# How to deal with in-laws



## HADDYNUFF (1 mo ago)

Having a hard time dealing with hubby's father who only see things his way or thinks his way is right. He's antagonistic and will argue his way about anything. My husband and I split our possessions 100%....yet he always makes a point to refer to everything as my husband's. He'll ask me if he can use Joe's lawnmower or whatever it may be....never refers to anything as ours! What is this behavior? Narcissism? It aggravates me beyond belief...I never let it show cuz I don't want to feed his fuel! How do I deal with this monster?!


----------



## D0nnivain (Mar 13, 2021)

Your FIL is a chauvinist. You have to find a way to ignore him because he won't change & how he describes how a possession is owned is not, IMO, the hill to kill your marriage on. 

When you have to see him, have some self-talk before & remind yourself that he's a buffoon. When FIL asks if he can borrow your husband's whooziwatsit, smile and say "no but you can borrow our whooziwatsit." Then don't listen to any reply by FIL. Inside your head enjoy your victory. Whenever you need anything from him, ask for it as if it's your MIL's possession. Privately & quietly ask MIL how she puts up with him & how she managed to raise a son, your DH, free from that BS. 

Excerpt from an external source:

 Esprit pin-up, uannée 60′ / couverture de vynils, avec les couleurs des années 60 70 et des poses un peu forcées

In the end just stop caring how he says stuff. Don't take the bait when he needles you.


----------



## Rooster Cogburn (10 mo ago)

HADDYNUFF said:


> Having a hard time dealing with hubby's father who only see things his way or thinks his way is right. He's antagonistic and will argue his way about anything. My husband and I split our possessions 100%....yet he always makes a point to refer to everything as my husband's. He'll ask me if he can use Joe's lawnmower or whatever it may be....never refers to anything as ours! What is this behavior? Narcissism? It aggravates me beyond belief...I never let it show cuz I don't want to feed his fuel! How do I deal with this monster?!


Do you mow the lawn?

I am not sure I would be pissed if my mother-in-law came in an asked if she could use "My wifes" iron instead of "Your marriage's" Iron... or "Your couple's" Iron.... etc. 

Just sayin'


----------



## Mr.Married (Feb 21, 2018)

We had some in-law issues in our marriage. In our case it was my mom that was the problem. People like your father will never stop until you get straight in their face and let them know they are being an asshole. This type of approach is very effective but requires your husband to be on board 100%. If he is trying to play both sides then it is doomed. An outright 100% “You can go [email protected] yourself” will likely be required. Cut all contact otherwise. Grandchildren are a good with holding weapon.

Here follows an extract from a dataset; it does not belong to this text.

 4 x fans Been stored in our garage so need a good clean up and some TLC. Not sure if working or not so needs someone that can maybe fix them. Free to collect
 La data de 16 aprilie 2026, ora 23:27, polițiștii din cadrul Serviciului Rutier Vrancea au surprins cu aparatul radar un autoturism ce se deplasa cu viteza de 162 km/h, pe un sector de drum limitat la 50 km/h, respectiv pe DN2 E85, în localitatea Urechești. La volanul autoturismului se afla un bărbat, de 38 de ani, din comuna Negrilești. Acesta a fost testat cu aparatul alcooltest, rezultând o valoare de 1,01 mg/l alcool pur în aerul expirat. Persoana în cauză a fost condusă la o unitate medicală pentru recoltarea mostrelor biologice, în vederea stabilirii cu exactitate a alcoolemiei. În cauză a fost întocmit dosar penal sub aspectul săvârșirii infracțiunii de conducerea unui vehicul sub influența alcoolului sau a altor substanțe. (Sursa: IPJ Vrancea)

It’s ugly …. But effective….one way or the other.

Important so I’ll say it again: If your husband is trying to play both sides then the situation is doomed.


----------



## Laurentium (May 21, 2017)

HADDYNUFF said:


> Having a hard time dealing with hubby's father


So how does the conversation go when *you and your husband* discuss this?


----------



## KayJC (5 mo ago)

HADDYNUFF said:


> Having a hard time dealing with hubby's father who only see things his way or thinks his way is right. He's antagonistic and will argue his way about anything. My husband and I split our possessions 100%....yet he always makes a point to refer to everything as my husband's. He'll ask me if he can use Joe's lawnmower or whatever it may be....never refers to anything as ours! What is this behavior? Narcissism? It aggravates me beyond belief...I never let it show cuz I don't want to feed his fuel! How do I deal with this monster?!

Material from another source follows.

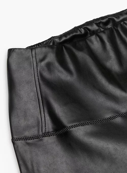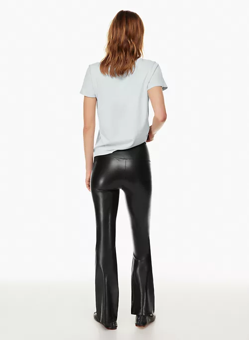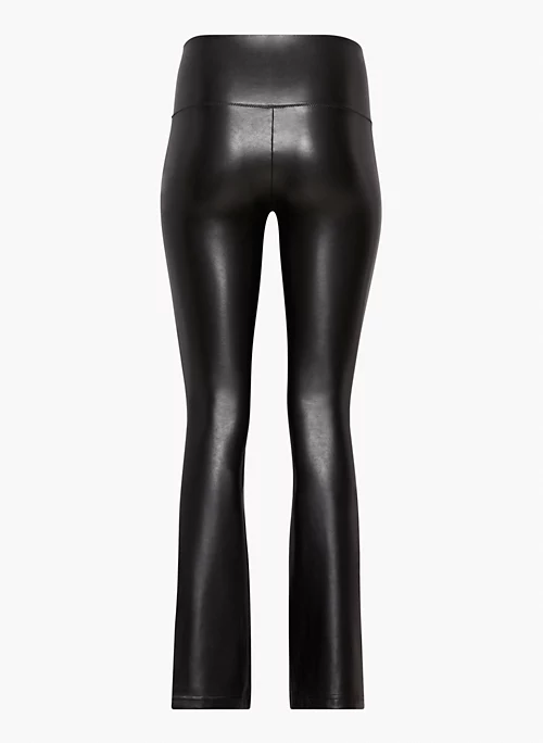 These are high-rise flared leggings with a wide waistband for a smooth silhouette. They’re made with our premium Stretch Vegan Leather from Japan, crafted for superior shape retention, easy care and an authentic look and feel.

I could only wish that my in law problems had been as simple as yours. It's been a long, long time ago since my marriage some 60+ years ago. But the hurt and crises and trauma my mother in law brought to my late husband and me even before we married are as real as last week. From the get go when she found out we were dating she set out to make my life for the most part miserable. Granted she was major bi-polar and a ***** to begin with but as my late husband said more than once "she rode that as much as she could." Meaning she felt because of her insanity that she could say anything, do anything and most people would shake their heads and say "poor thing, she just can't help it." That mental problem in her mind gave her free reign to be the most vicious, cruelest, meanest person I have personally known. And it continued from the day we married until her death 26 years later. The fall out continued after her death with the hurt she was to her children. She purposely created an atmosphere of jealousy with her daughter to her brother, my husband.
Being the child of a major bi-polar, narcissistic person leaves the deepest of scars that for the most part remain years after that parent's death. 
Hitler could have taken lessons from her in cruelty.


----------



## BootsAndJeans (4 mo ago)

KayJC said:


> I could only wish that my in law problems had been as simple as yours. It's been a long, long time ago since my marriage some 60+ years ago. But the hurt and crises and trauma my mother in law brought to my late husband and me even before we married are as real as last week. From the get go when she found out we were dating she set out to make my life for the most part miserable. Granted she was major bi-polar and a *** to begin with but as my late husband said more than once "she rode that as much as she could." Meaning she felt because of her insanity that she could say anything, do anything and most people would shake their heads and say "poor thing, she just can't help it." That mental problem in her mind gave her free reign to be the most vicious, cruelest, meanest person I have personally known. And it continued from the day we married until her death 26 years later. The fall out continued after her death with the hurt she was to her children. She purposely created an atmosphere of jealousy with her daughter to her brother, my husband.
> Being the child of a major bi-polar, narcisstic person leaves the deepest of scars. That are for the most part remain years after that parent's death.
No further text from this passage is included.